Umes luta contra reajuste da meia-passagem Estudantes prometem acionar o MPE contra o reajuste nas passagens

A União Metropolitana dos Estudantes Secundaristas (Umes) planeja um protesto em agosto contra o reajuste da passagem de ônibus urbano aprovado pelo Conselho Municipal de Trânsito. Também pretende acionar o Ministério Público para tentar impedir o aumento, considerado aquém das possibilidades dos trabalhadores assalariados e da qualidade do serviço prestado.
Segundo uma das coordenadoras da Umes, Juliana Borges, a entidade acionou sua assessoria jurídica para definir que tipo de ação será proposta ao MP. Ao mesmo tempo, começou a contatar com representantes de outras entidades como os sindicatos dos rodoviários e diretórios estudantis para obter o apoio.
'A gente tá pensando em mover uma ação, não sozinho. Temos o apoio do Vamos à Luta, um coletivo nacional dos estudantes que se mobiliza contra questões como o aumento de passagens', contou.

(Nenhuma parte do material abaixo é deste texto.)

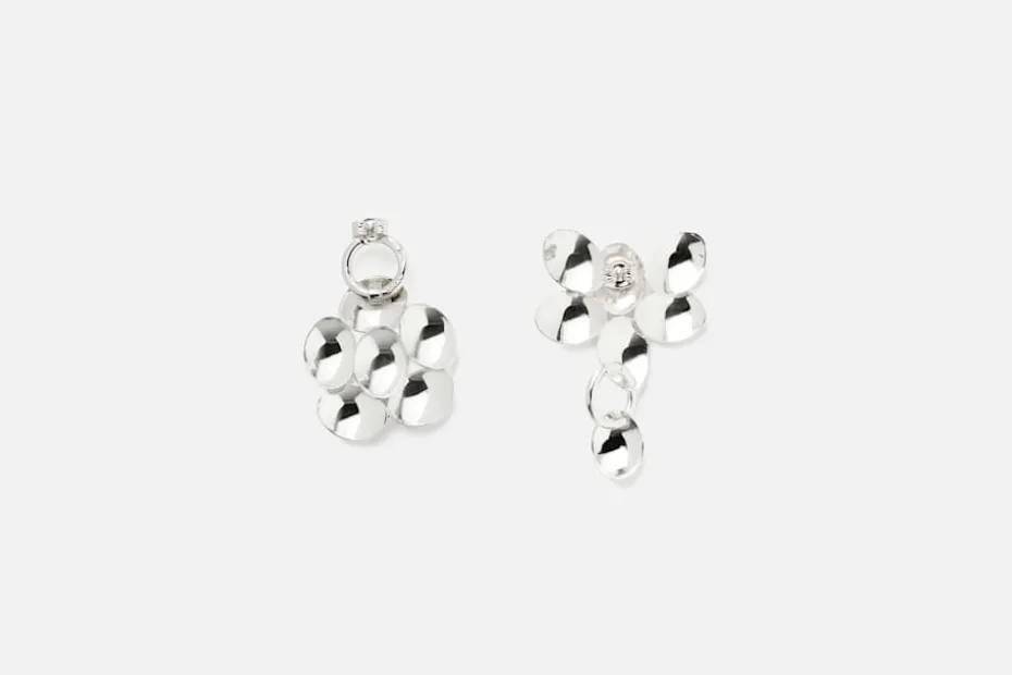 Små, vackra örhängen i återvunnet silver, med skira blad som löds ihop för hand och tillsammans skapar en växande form. Detta arbetssätt gör varje örhänge unikt i sin form. Örhängena är skapade av formgivarduon Murky, som tillsammans skapar smycken med rörliga detaljer och hämtar inspiration från det lilla fröets stora betydelse. Murky består av formgivarna Emelica Lidman och Mike Årsjö. De använder sig av både odlade och naturpärlor, gärna med naturliga och unika former. Smyckena tillverkar de för hand i Stockholm, alltid i återvunnet silver.

Júlia explica que o principal argumento da mobilização é o impacto do reajuste no sustento das famílias que, em sua maioria, vivem com um salário mínimo. Há também reclamação quanto à falta de melhoria no serviço prestado e até a possibilidade do aumento contribuir para o abandono escolar.
A estudante ressalta, ainda, que o reajuste tem tratamento diferenciado de outras decisões que poderiam beneficiar as pessoas de baixa renda que dependem do transporte público. Ela cita o caso da lei municipal que obriga as empresas a liberarem as catracas uma vez por mês, mas que não é cumprida. 'As leis que favorecem a população, a prefeitura não cumpre, mas quando tem que aumentar a passagem, é da noite pro dia', critica.
O advogado e ex-vereador do Zé Carlos Lima (PV) questiona a validade do Conselho Municipal de Transportes (CMT). Ele sustenta que a representação popular sempre está em desvantagem, motivo pelo qual o órgão nunca desaprova pedidos de reajustes.
Em seu blog, Zé Carlos observa que a decisão do conselho contraria o desejo da população, embora o órgão tenha sido criado para representar a sociedade. 'Por que o conselho que deveria representar a população sempre aprova aumentos de passagem contrariando o desejo do povo?', questiona.
A resposta, ele mesmo dá, ao analisar a composição do órgão. Dos 18 membros, metade representa órgãos da prefeitura, três representam setores do transporte como o dos empresários, rodoviários e taxistas, enquanto quatro representantes de entidades civis são consideradas por Zé Carlos 'cartoriais', se alinhando ao 'setor hegemônico de transporte público'.
A Secretaria de Transportes de Ananindeua informa que aguarda a planilha de tarifas para ser analisada e a partir de então tomar qualquer providência.